When ants attack: Researchers recreate chemicals that trigger aggression in Argentine ants
| 27 October 2009
BERKELEY — Experiments led by researchers at the University of California, Berkeley, have demonstrated that normally friendly ants can turn against each other by exploiting the chemical cues they use to distinguish colony-mates from rivals.
The new study, to be published Wednesday, Oct. 28, in the open-access journal BMC Biology, sheds light on the factors influencing the social behavior of the Argentine ant, Linepithema humile, and provides hope for a new tactic in controlling the spread of this invasive species.
"Almost all living organisms use chemical recognition cues to some degree, but it is particularly common among ants and other insects," said evolutionary biologist Neil Tsutsui, UC Berkeley associate professor of environmental science, policy and management and the study's principal investigator. "Surprisingly, it wasn't until this work that the specific chemicals used by Argentine ants to identify each other were isolated and tested."
Native to South America, the Argentine ant has taken hold in numerous countries worldwide, including Australia, Japan and the United States. In California, the ants are pervasive, pushing out native ant species and wreaking ecological havoc along the way. The Argentine ant has been blamed for exacerbating problems with some agricultural crops in the state, and for the decline of the coast horned lizard, which feeds exclusively upon the native ant species decimated by the invader.

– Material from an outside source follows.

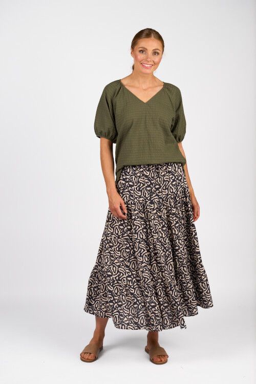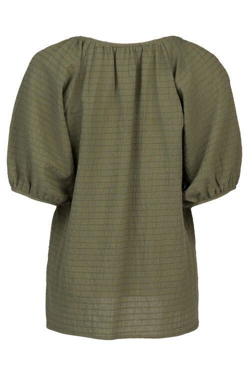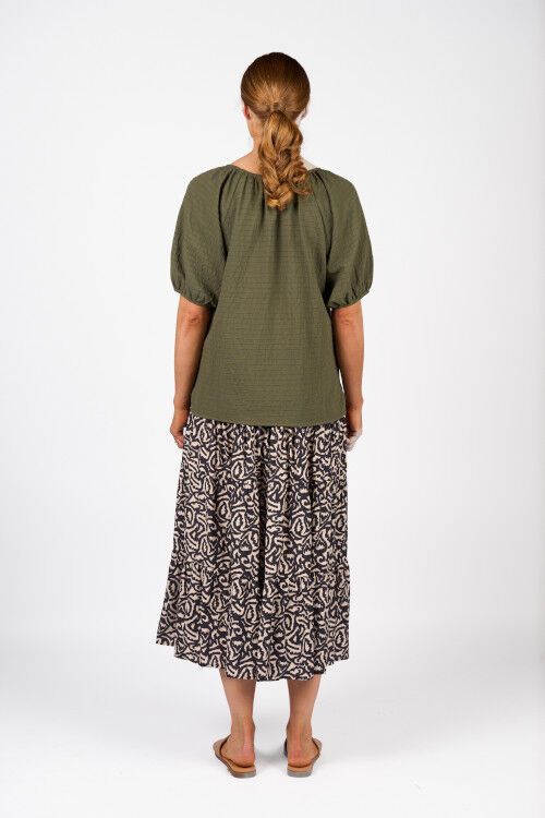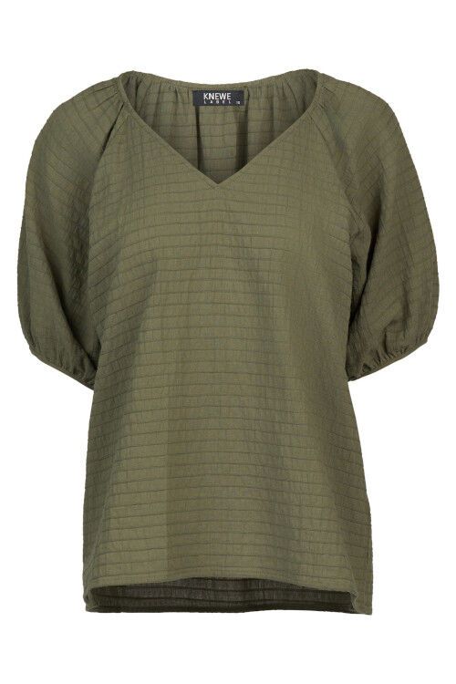 The Focus Top in olive is a floaty, relaxed summer essential made from lightweight cotton with a subtle horizontal seam texture. It features a flattering V-neck, short raglan puff sleeves, and a hem that dips lower at the back for effortless, breezy style.  100% cotton

In their native habitat, Argentine ants use their aggression to engage in inter-colony warfare with each other as they compete for resources, a behavioral trait that biologists credit for keeping the ants' numbers in check. Colonies tend to be small, typically measuring a few meters to a couple of hundred meters wide.
"The striking thing about these Argentine ants in introduced ranges is that – with few exceptions – they are essentially functioning as a single, geographically huge supercolony," said Tsutsui. "If you take ants from San Diego and put them next to those from San Francisco, they'll act like they've known each other all their lives. They are part of a massive supercolony that extends hundreds of miles, nearly the entire length of California."
The UC Berkeley researchers worked with study co-authors Robert Sulc and Kenneth Shea from UC Irvine to narrow down and synthesize seven chemical molecules that trigger aggressive behavior among the Argentine ants. They also used two "control" chemicals not linked to fighting behavior. The "enemy" compounds were similar in that they were all long chains of hydrocarbons with one to three methyl groups attached.
"The 'enemy' chemicals generated significantly greater instances of flared mandibles, biting and other attacking behavior than did the control chemicals," said study co-lead author Ellen van Wilgenburg, a post-doctoral researcher in Tsutsui's lab at UC Berkeley. "We also saw higher levels of aggression when we increased the concentration of the chemicals and when we combined some of the chemicals together."
Despite this finding, Tsutsui cautions that significant barriers must be overcome before a pest-control substance based upon these chemicals is ready for the market. "We are still in the process of understanding how these chemicals control social behaviors in ants," he said. "These are custom chemicals that are very costly to synthesize at this stage. We are still a long way off from having large enough quantities to deploy in the field, or even knowing if these chemicals can control populations in the field."
The other co-lead author of the study is Miriam Brandt, a former post-doctoral researcher from Tsutsui's lab.
The U.S. Department of Agriculture, the California Structural Pest Control Board, the Defining Wisdom Program of the University of Chicago and the National Science Foundation helped support this research.